为什么一个新变量的初始化本身有效？ [英] Why is initialization of a new variable by itself valid?

问题描述

考虑一些代码：

#include <iostream>

int main()
{
    using std::cout;
    int a=3;
    cout << "a="<<a<<"\n";

    {
        int a=a;
        cout << "new a = " << a << "\n";
        a=5;
        cout << "a = " << a << "\n";
    }
    cout << "old a = " << a << "\n";
}

我希望它打印

a=3
new a = 3
changed a = 5
old a = 3

但是我得到的结果实际上在第二行显示为 new a = 0 。
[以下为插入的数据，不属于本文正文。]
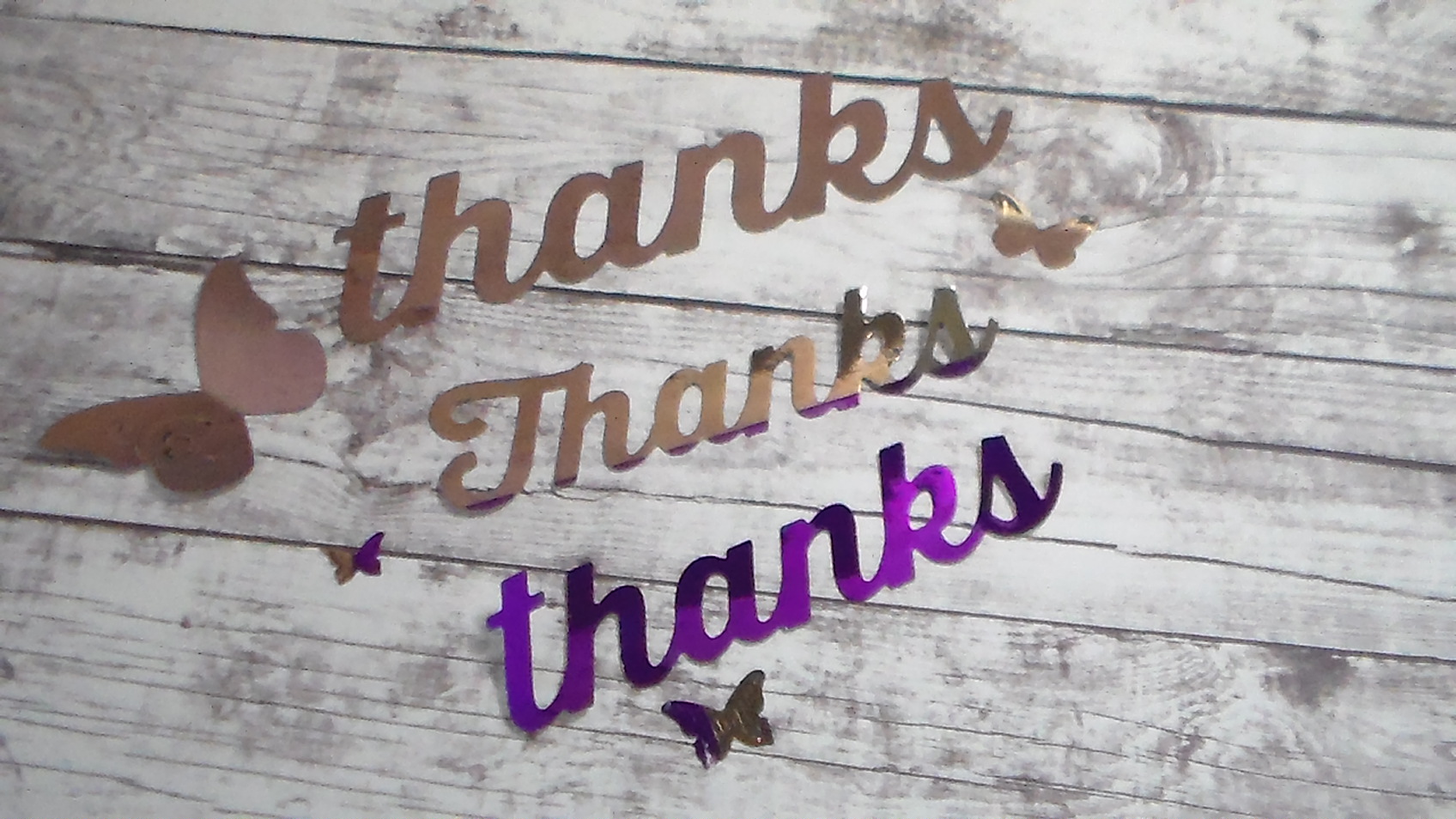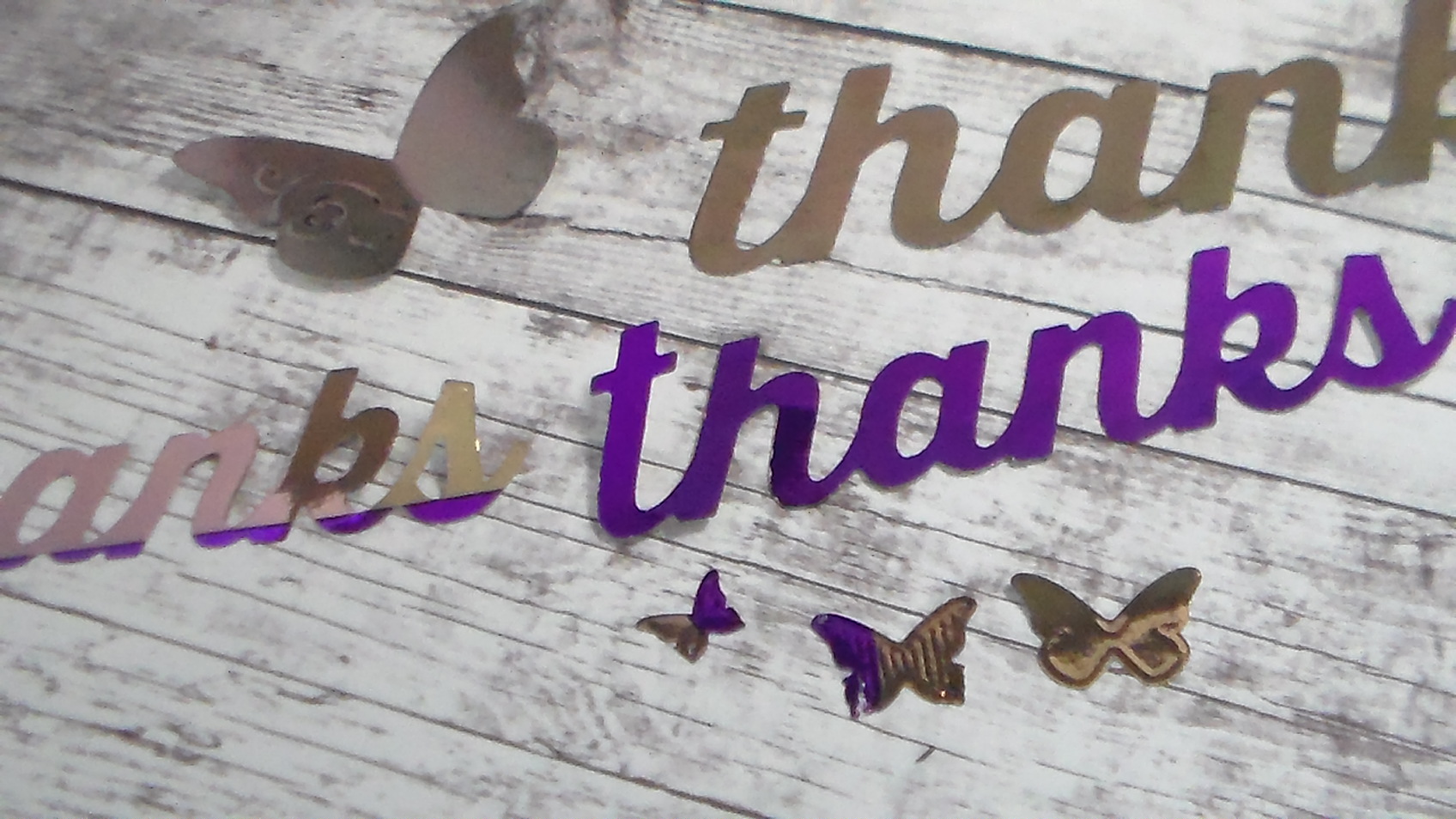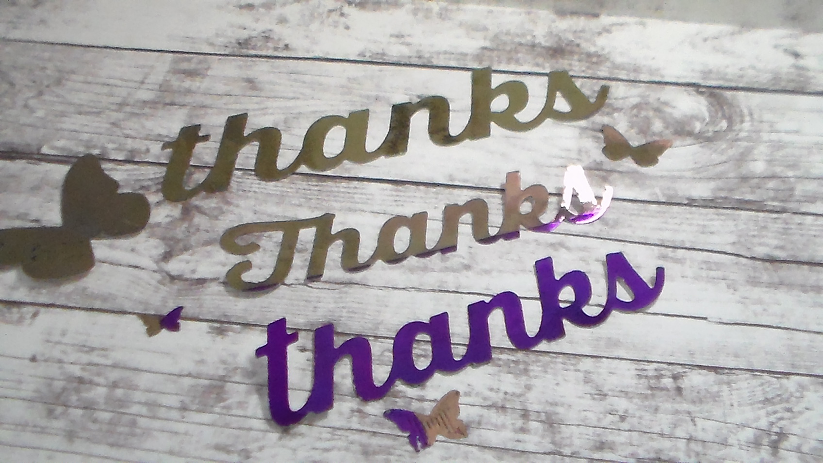 So these packages come with 3 sheets of 8 1/2 x 11″. They are thin but cut very easy with die cuts. The die cuts I used in the photos below are word dies 3 different Thanks, and then I used from Stampin’ Up! the embosslits “Beautiful Wings”.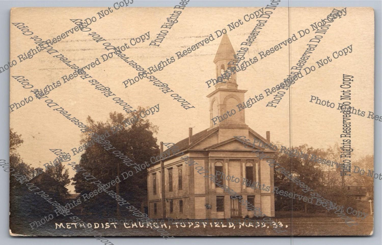 Antique 1922 RPPC Methodist Church Topsfield Massachusetts Real Photo Postcard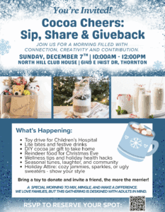 Join us for a cozy and heartwarming morning of connection, creativity, and contribution! This festive gathering is the perfect way to kick off the holiday season—complete with cocoa, laughter, and giving back to our community.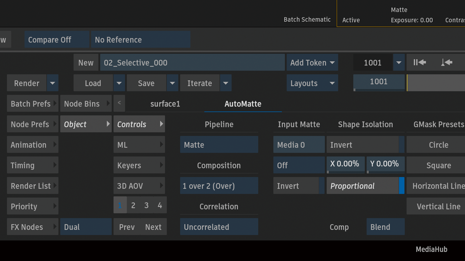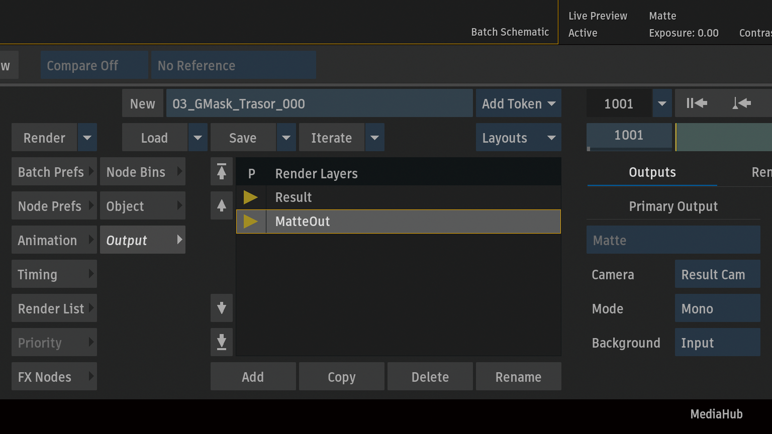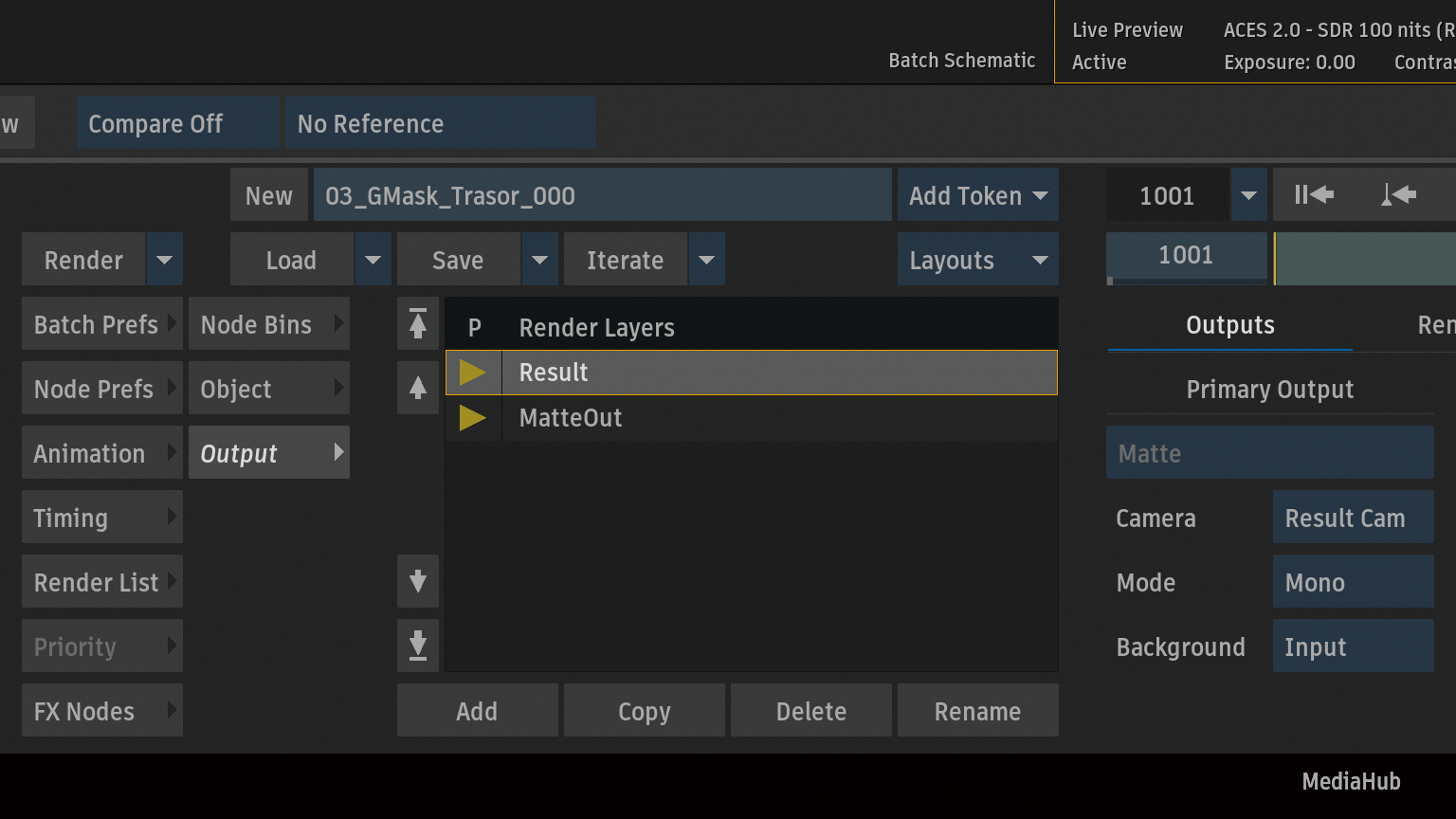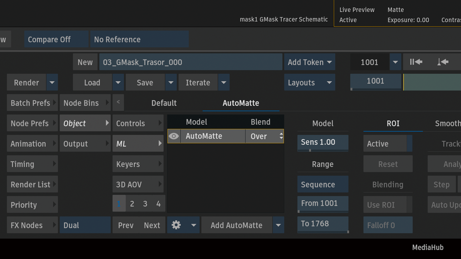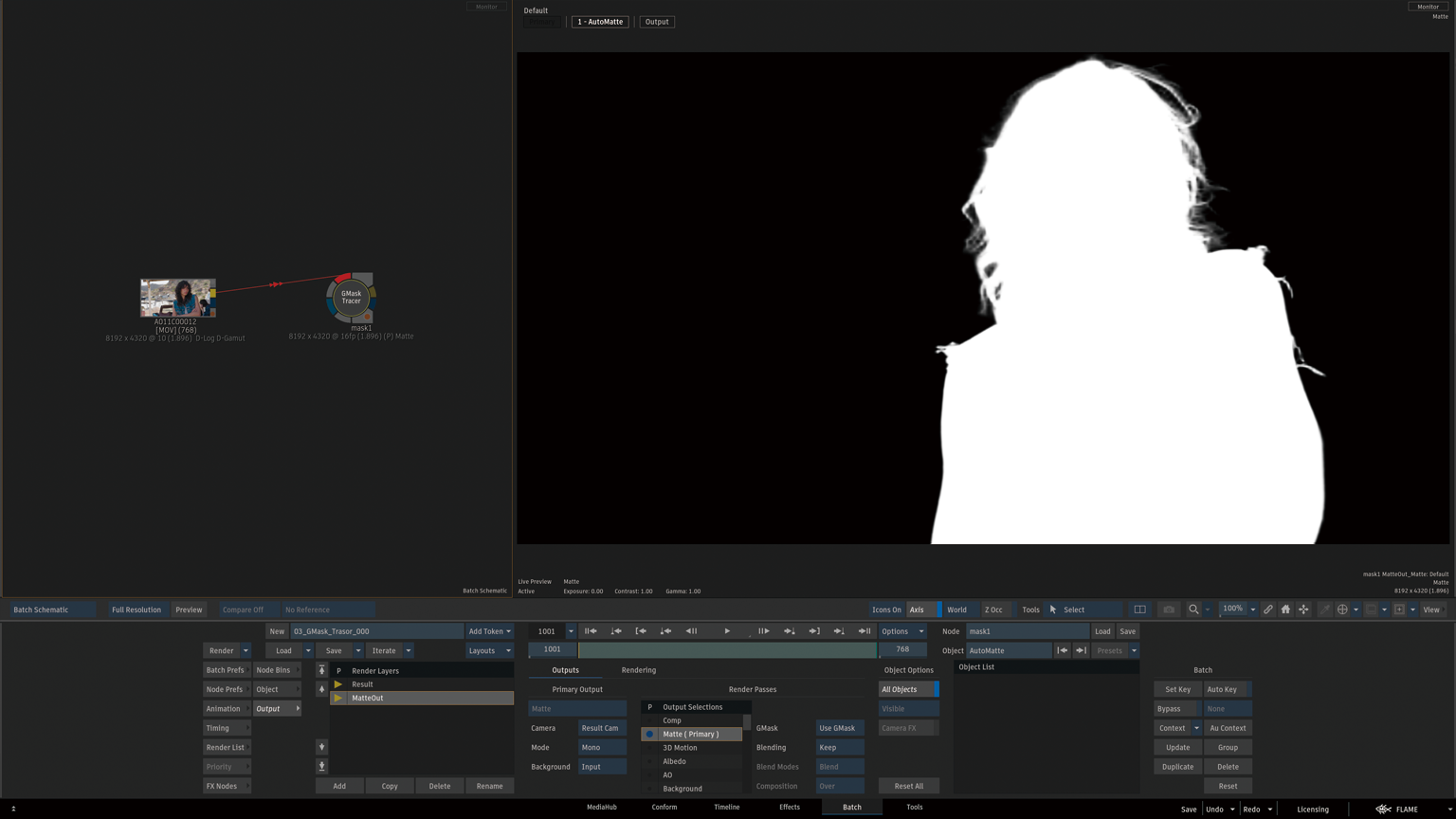 GMask Tracerノードは、デフォルトでResultとOutMatte出力を持ち、これら2つの出力間を頻繁に切り替える際の Actionノードとの互換性(ショートカットキー F4)が高まりました。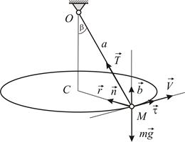 Груз массы , подвешенный на нити длины , другой конец которой закреплен в точке , представляет собой конический маятник, т.е. описывает окружность в горизонтальной плоскости (Рис.1.1). Нить образует с вертикалью угол . Определить скорость груза и силу натяжения нити .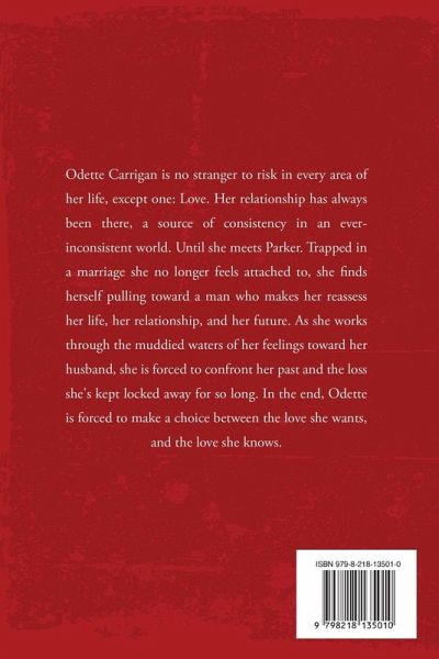 Odette Carrigan is no stranger to risk in every area of her life, except one: Love. Her relationship has always been there, a source of consistency in an ever-inconsistent world. Until she meets Parker. Trapped in a marriage she no longer feels attached to, she finds herself pulling toward a man who makes her reassess her life, her relationship, and her future. As she works through the muddied waters of her feelings toward her husband, she is forced to confront her past and the loss she's kept locked away for so long. In the end, Odette is forced to make a choice between the love she wants, and the love she knows.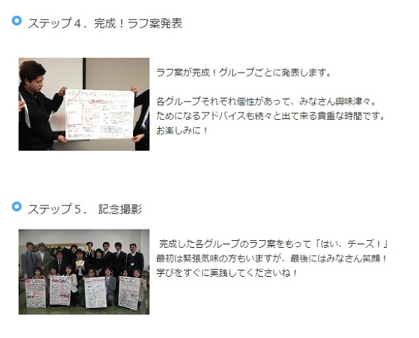 アンケートの分析からラフ案のつくり方まで、実践的に学べるのが大きな特徴。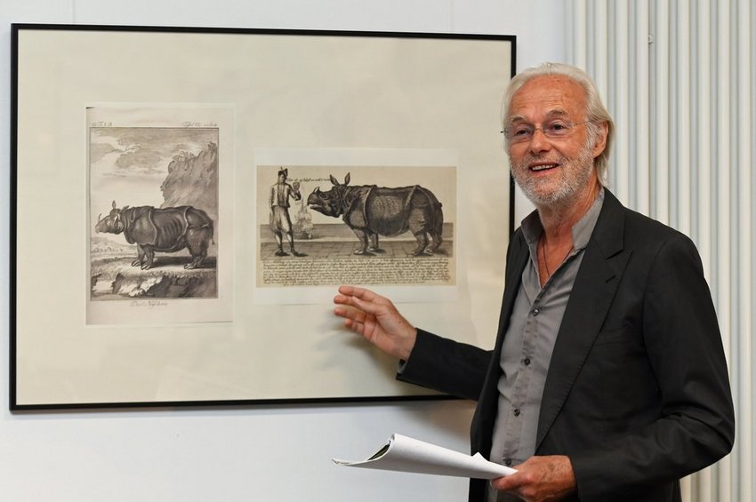 Immer wieder blickte Siemen Rühaak dem Wolf tief in die Augen, hob den Vogelkäfig hoch, in dem überraschender Weise zwei Nachtigallen saßen, stand fasziniert vor den Flugblättern zur Nashorndame Clara und hielt das Publikum mit seinem Spiel und Sprechen im Bann: Die szenische Lesung „wild.zahm.gejagt.bestaunt“ mit dem aus Film und Hörfunk bekannten Schauspieler am 10. September im Museum am Schölerberg führte durch mehrere Jahrhunderte.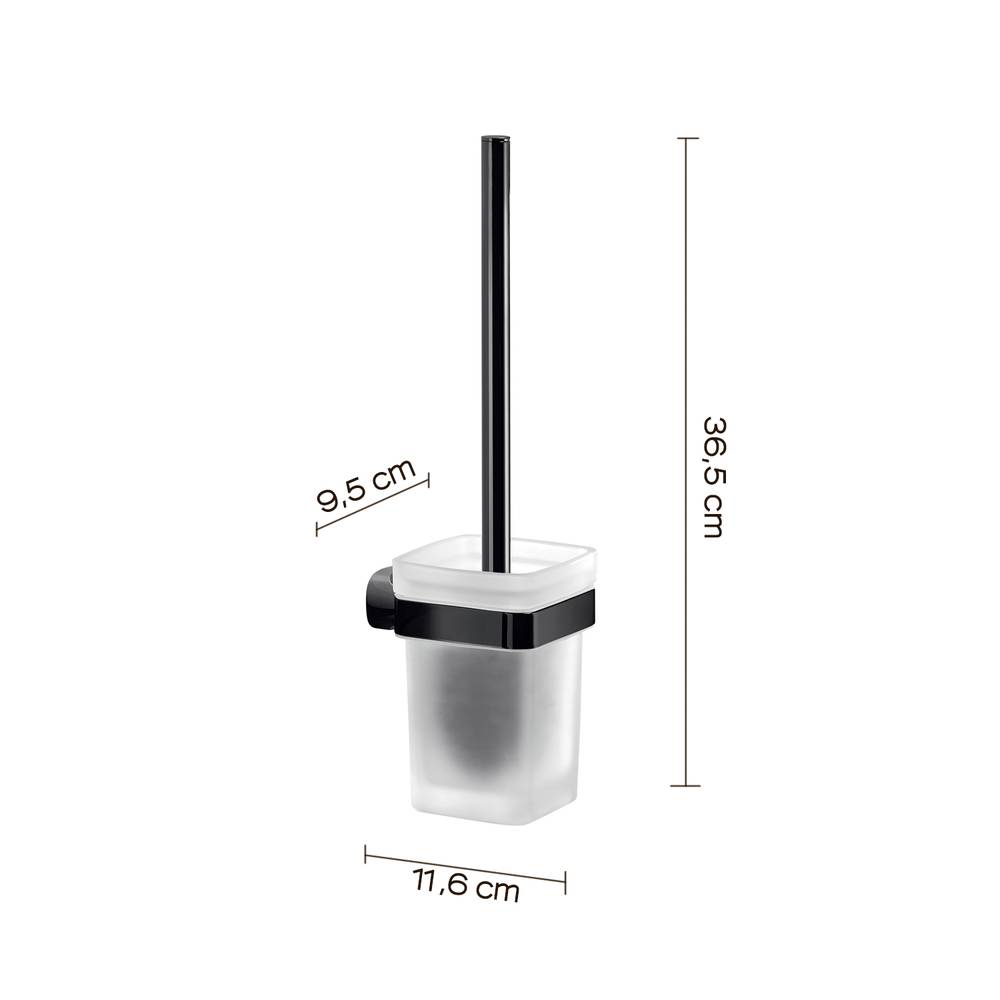 Scopino con ciuffo in setole nero e tazza interna estraibile idoneo ad una facile pulizia. Materiale: Acciaio Inox, Cromall e Vetro Satinato. Dimensioni: 9,5 x 11,6 x 36,6 cm

我认为它将像一个类的构造函数中的初始化列表一样工作，其中可以写像

But what I get actually appears to say new a = 0 in the second line. I thought that it would work like initialization list in a class' constructor, where one can write like

C::C(int a) : a(a) {}

但是由于某种原因，这是不同的。首先，完全删除外部代码不会导致编译错误。所以我假设 int a = a; 是有效的。打开所有编译器警告会导致：

But for some reason this is different. First, removing the outer code completely doesn't result in a compilation error. So I assume that int a=a; is valid. Turning on all the compiler warnings leads to this:

test.cpp: In function ‘int main()’:
test.cpp:10:15: warning: ‘a’ is used uninitialized in this function
         int a=a;

所以我的问题现在：为什么这个语法有效？为什么编译器不说undefined variable a？

So my question now: why is this syntax valid at all? Why doesn't the compiler say something like "undefined variable a"?

推荐答案

它在语法上是有效的，因为变量的声明点在其初始化器之前，并且名称在该点之后的任何地方可用。这允许更少的初始化，例如

It's syntactically valid, since the variable's point of declaration comes before its initialiser, and the name is available anywhere after that point. This allows less dodgy initialisations like

void *p = &p;

合法使用正在初始化的变量的名称（而不是值）。

which legitimately uses the name (but not the value) of the variable being initialised.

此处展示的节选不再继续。